God knows, we ourselves are prepared to believe the worst -- and probably then some -- on the subject of government officials' being on the take. Plenty of them have been demonstrated to be. Plenty more will follow. And the fact is that the whole ambiance of the Congress rests on a system of trades and transactions that, if not downright corrupt, are at best morally ambiguous. But more than the usual smugness and self-satisfaction that people feel when these things come out about public officials has been in evidence this time, more than the usual glee in comfirming that "they" are all a bunch of crooks, etc. There is also a new element: the collective, heavy sigh that after Watergate you would have thought things would be different.

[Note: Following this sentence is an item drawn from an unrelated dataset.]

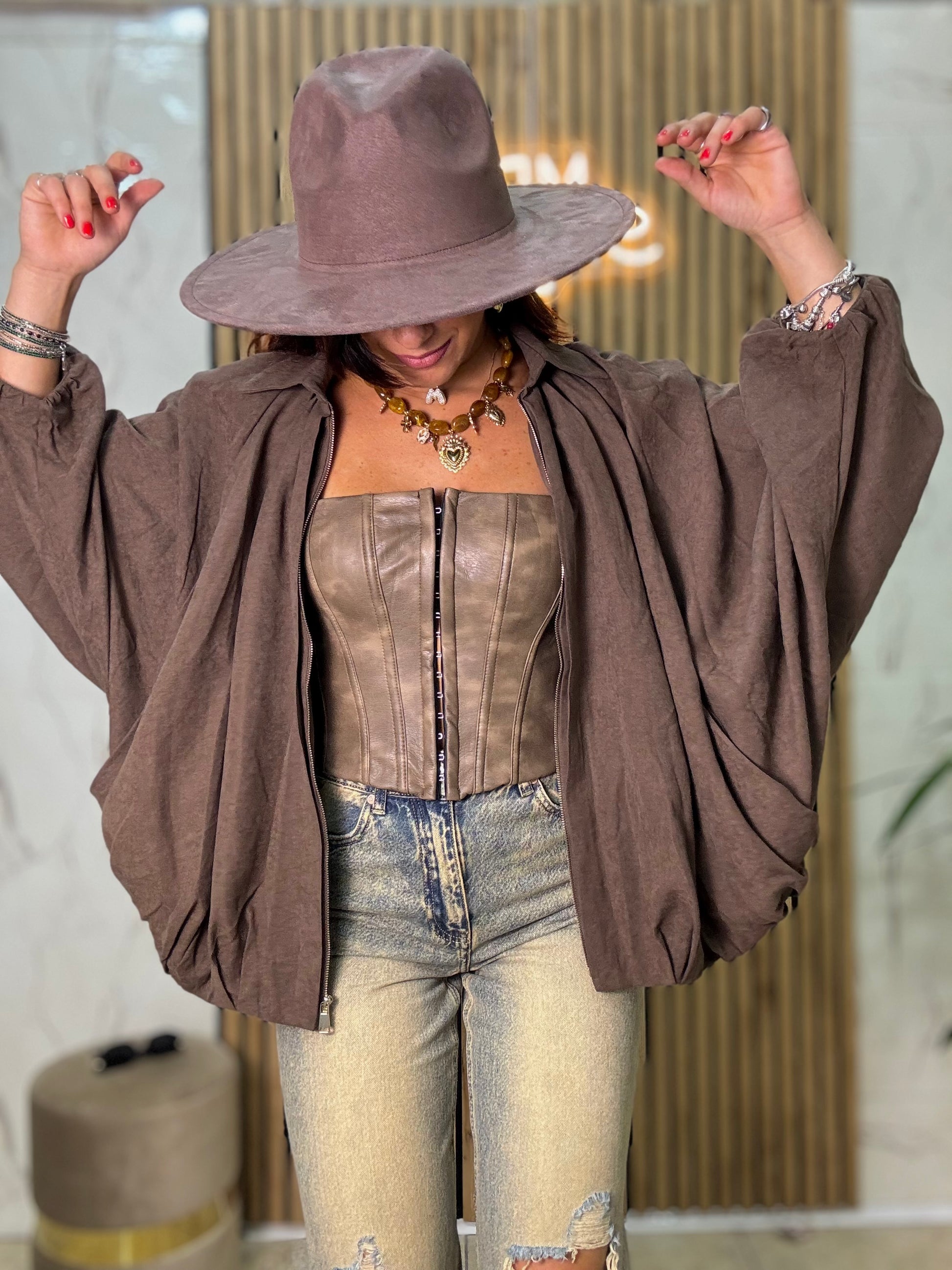 Jacket morbida tessuto leggero modello a palloncino con chiusura zip tg U veste fino ad una 46

It is this sense of the monstrous outrage of it all, the scandal that in these post-Watergate years politicians could still be ankle-deep in dirty money, that is sometimes invoked to justify the cut procedural corners -- a clop to due process here, a sloppy unproven charge there. But has everyone forgotten so soon that Watergate was about more than one kind of corruption? It was not just (or even principally) about campaign-fund and other money scandals. And it was not just about people's using their high office to acquire more power or wealth or whatever it was they were collecting that week. It was also -- and in its most sinister aspects -- precisely about the abuse of power by federal law-enforcement authorities, authorities who are granted extraordinary rights and privileges in the society on the premise that they will use them in decent, legal and constitutional ways. Using the funds and the police power of the FBI and the Justice Department to stalk, tempt and (possibly) entrap people in criminal acts and then -- without so much as bringing charges against them -- disclosing great chunks of the "evidence" to the public is such an abuse.

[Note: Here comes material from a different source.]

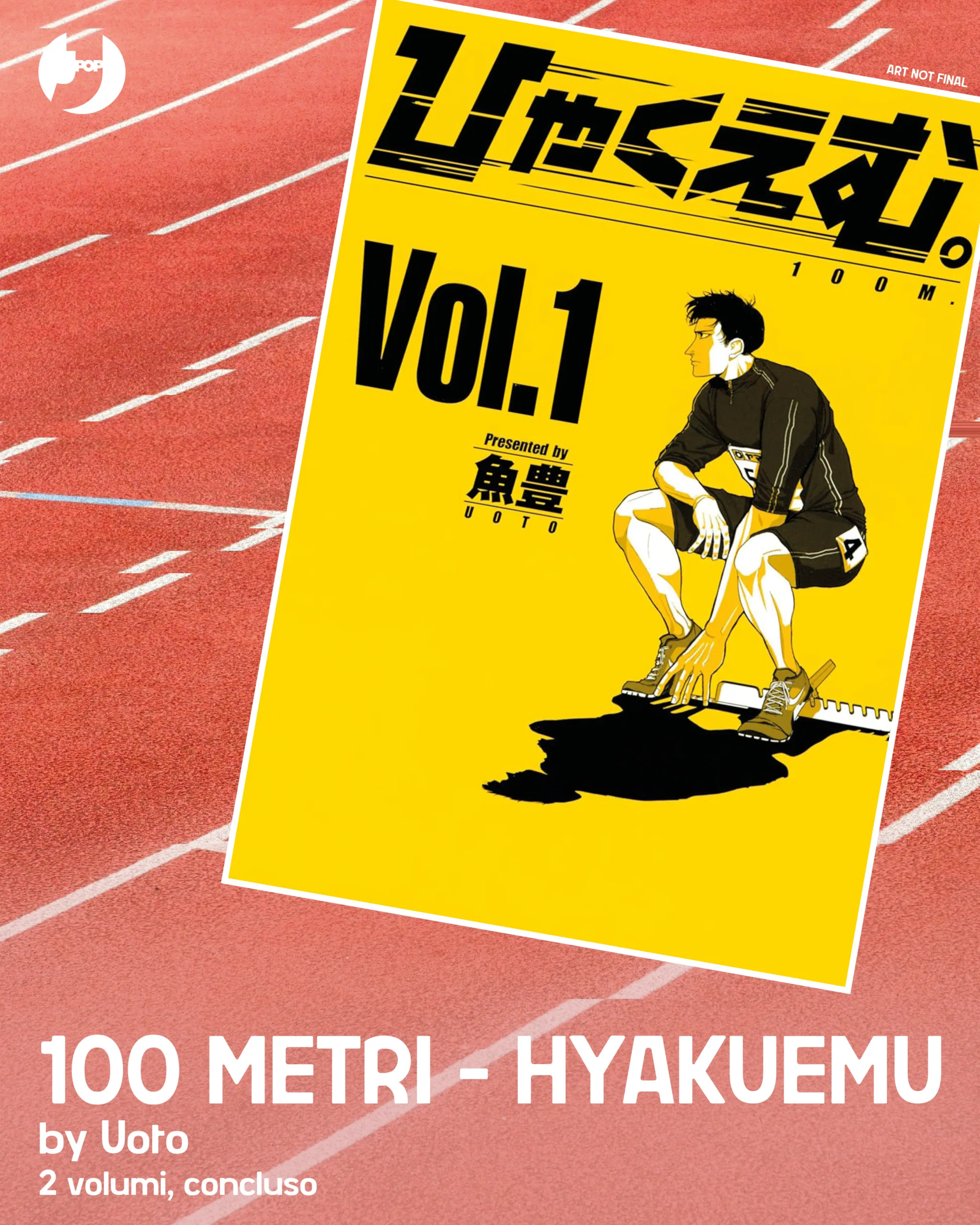 Cento metri è la distanza che separa un velocista dal traguardo. In quello spazio limitato, e nei pochi secondi che occorrono a calcare la pista, si decide del suo futuro agonistico. E non solo. In quei brevissimi momenti può condensarsi il significato di una vita. Dopo la grande attenzione che il lungometraggio 100 metri – Hyakuemu ha guadagnato a livello internazionale, J-POP Manga annuncia l’uscita in primavera del manga che ha ispirato l’adattamento animato! La serie è firmata da Uoto, autore già noto nel nostro Paese per Il movimento della Terra.

What we are saying is that this seems to be a story not just of one kind of official corruption, but of two. There is the corruption of bribes, payoffs, extortion and the rest that are alleged in the FBI leaks, and there is the corruption of the FBI's campaign of pre-trial character assassination itself, an abuse of the police power that, in the scale of things, we would regard as probably more dangerous to people's well-being than the money-corruption being charged. Don't get us wrong: we're not for either. We simply find it disturbing and baffling that so many people who knew what was wrong with any number of previous FBI involvements in provocations, campaigns to discredit public figures, infiltration and press leaks that could destroy a reputation in a way you could never repair are merely dismissing the protests as some over-finicky concern for civil liberties, rather than insisting that this time the bureau play by the rules. Yes, we know the press has a role in this. The press has been at once too aggressive in airing the unproven charges and too reticent about tracking down their purpose and their source. That is a large part of what is wrong.